Bob La Quey([EMAIL PROTECTED])@Thu, Dec 14, 2006 at 01:16:18PM +0800 wrote:
> I am looking for efficient ways of hoarding. I have located
> woffle and installed it but have not begun to master it yet.
> Also using wget, which has some intricacies (you have to
> use switches like -k to make recursively downlooaded pages
> readable locally. -k monges the urls to work locally).
> 
> Looking for "all the tricks" e.g. how to write blog offline. It
> seems wordpress (at least, mayb others) has no way that I
> have found to ftp up pages. I think they may be stored in
> a datbase ... at least I cannot find them. Exploring Performancing
> plugin for Firefox as one solution.
> 
> Also just started looking a pyblosxom as blog. maybe it is
> more ftp friendly ... dunno.
> 
> Anyone that travels seriously better figure out how to
> get good at this. Those 15 hour flights to Asia can add
> up to alot of offline time pretty quickly, espcially if you
> go places where it takes a while to find a connection
> and setup.
> 
> BobLQ
>

My brother has mentioned wanting some help with similar issues.
He's not offline for 15 hours at a time, but he still wants to be
able to work for those 1 - 2 hr invervals when he can't get on a
network.  One thing that I'm just now beginning to look at is AFS.
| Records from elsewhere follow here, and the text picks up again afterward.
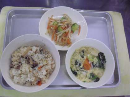献立名 吹き寄せごはん 牛乳 かき玉汁 ごま酢かけ
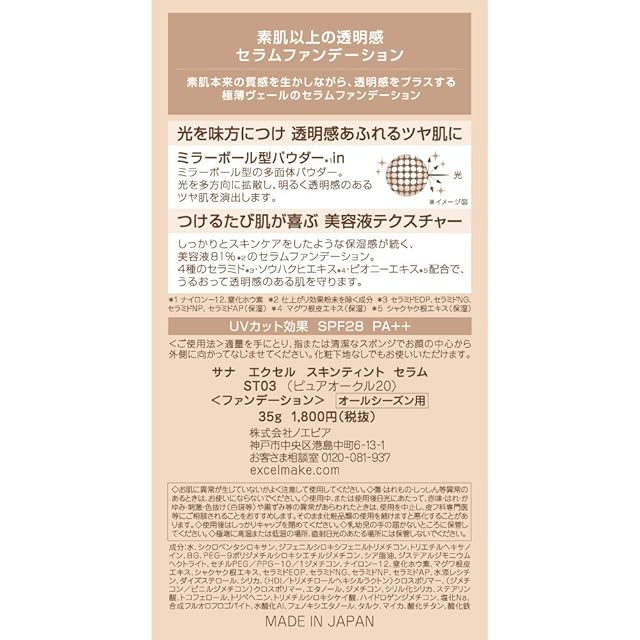 excel(エクセル)スキンティントセラムST03(ピュアオークル20)ファンデーション リキッドファンデーション
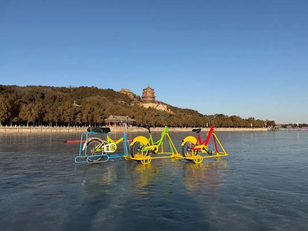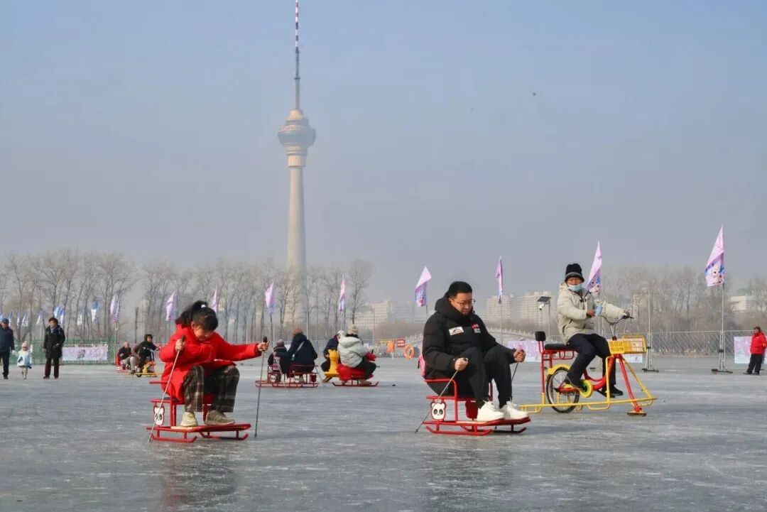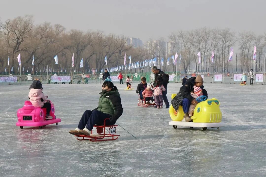 冰面上,单人冰车、双人冰车、冰上自行车等多种项目一应俱全,亲子出游、好友结伴都能找到适合自己的玩法。

AFS is the Andrew File System.  It isn't trivial to set up, and I
don't have details for you.  The attractive part is that you get a
network file system that is very fault tolerant.. in the sense that
if you lose connectivity to your server, it can fail over to
another, or use the cached files that are kept on the client PC.  I
think that the files are cached when they are requested, so it is
likely that you'd need to do an extra step to make sure files you
wanted were in the cache for your trip.

All the descriptions I've read indicate that the caching and
failover is transparent to the user.  On the other hand, you'll
need to have an AFS server, plus a Kerberos server set up.  Of
course, this means that the client side will need to be configured
to deal with all of that.

Frankly, I'm not yet sure how much work it will take, or if it's
worth it for a small installation.  If anyone knows more about AFS
and can offer some insight as to how useful it would be for this
kind of "planned caching for offline use" scenario, please do
share. 

AFS doesn't directly address getting cached websites onto a laptop,
but maybe I thought I'd put the idea out there anyway.